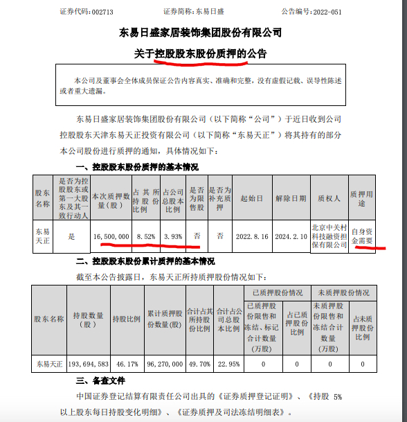 公告披露,东易天正因自身资金需要,质押数量1650万股,占其所持股份的8.52%,占公司总股本的3.93%。
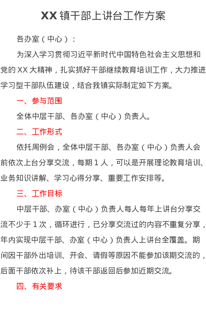 XX镇干部上讲台工作方案
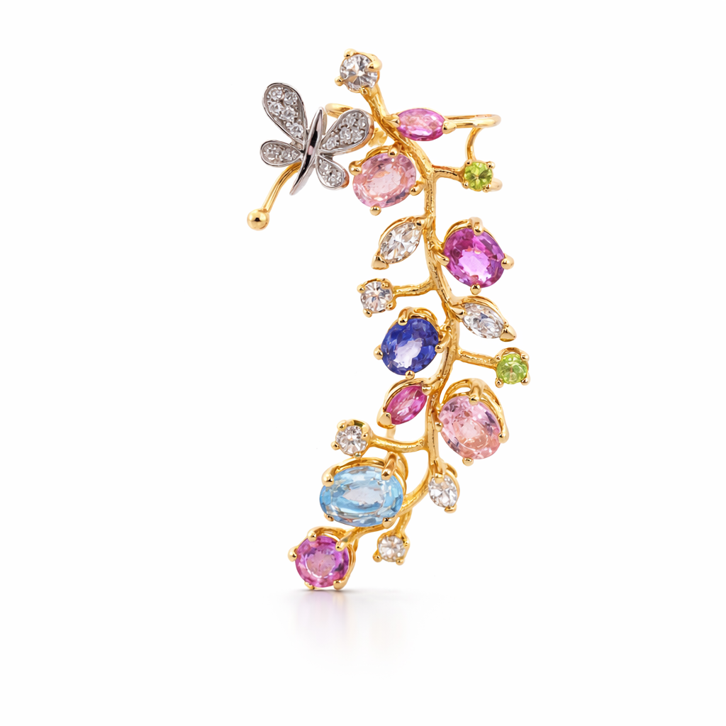Contattaci >Orecchino a clip IS260 con Zaffiri da 3.44ct, Acquamarina da 1ct, Rubini da 0.31ct, Diamanti da 0.95 ct e 7.70 g d’oro giallo 18kt
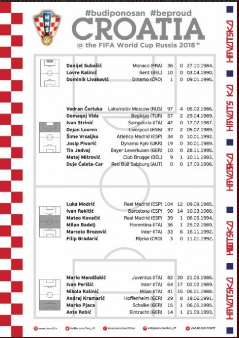 Trajneri i Kroacisë, Zltato Daliç ka bërë publike listën me 23 lojtarë që do të udhëtojnë drejt Rusisë për Kupën e Botës 2018. Ish-tekniku i Dinamos së Tiranës, ka eliminuar nga lista provizore, Leitician, Barisiç, Niziç, Soza, Rog, Pasaliç, Çop dhe Santini.
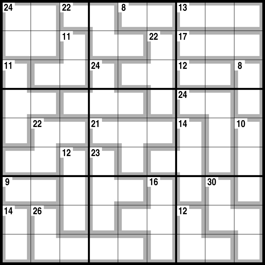 Normal Sudoku rules apply, except the numbers in the cells contained within grey lines add up to the figures in the corner. No number can be repeated within each shape formed by grey lines.
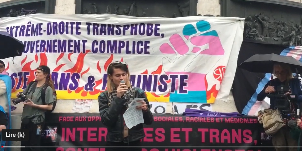 Intervention de Néo pour Solidaires au rassemblement du 5 mai contre la transphobie à Paris

● ● ● ● ●

◆ Assigned task:
What you set down should be exactly the lines from the line containing "Normal Sudoku rules" to the last line of the entries above, both included, with no pictures.

◆ Expected answer:
 Normal Sudoku rules apply, except the numbers in the cells contained within grey lines add up to the figures in the corner. No number can be repeated within each shape formed by grey lines.
 Intervention de Néo pour Solidaires au rassemblement du 5 mai contre la transphobie à Paris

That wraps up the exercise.